Ezekiel 18:19-32 · John 8:33-51 · Psalm 101

Sermon

The Scriptures are written according to the doctrine of appearances, that is, according to how Divine things appear to us in our natural states. This means that we must have some principles from which we may judge, principles which will enable us to determine what sin is and what goodness and truth are in themselves. An immutable standard is necessary by which we can measure and determine questions concerning human conduct and character, and their good or evil results.

That standard is the Lord Himself. “The way of the Lord is perfect.” He changes not. He is “the way, the truth, and the life.” We are created in His image and likeness. Here we must not think of outward form. The sculptor can cut an image of a man from a block of marble, but the likeness is only on the surface. The Divine qualities are finited in us. We are recipients of the Lord’s love and wisdom. All our faculties and powers are from Him. But there is this difference: the Lord is infinite but we are finite. We are created, and have no underived life; the Lord is uncreated and is Life itself.

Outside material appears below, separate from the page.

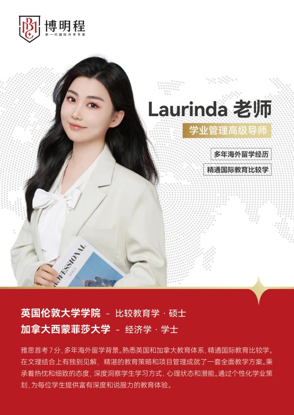 Laurinda老师深知国际课程的复杂性与多样性,她凭借自己多年海外留学的亲身体验,对英国和加拿大的教育体系有着深入骨髓的理解。她精通国际教育比较学,能够精准地分析不同教育体系的优劣,为每位学生量身定制最适合他们的国际课程学习方案。在Laurinda老师的指导下,学生们不仅能够在学术上取得优异成绩,更能在跨文化交流中锻炼自己的国际视野和沟通能力。

We are so formed that we can continue to approach our Creator in the power and excellence of all our faculties and joys, but we shall always be finite and we can never be more than recipients of life.

What is required of us is that we use the life and power we receive as the Lord would have us use them. To the extent that one does this he is upright, just, and righteous, for he lives and moves in the currents of the Divine providence.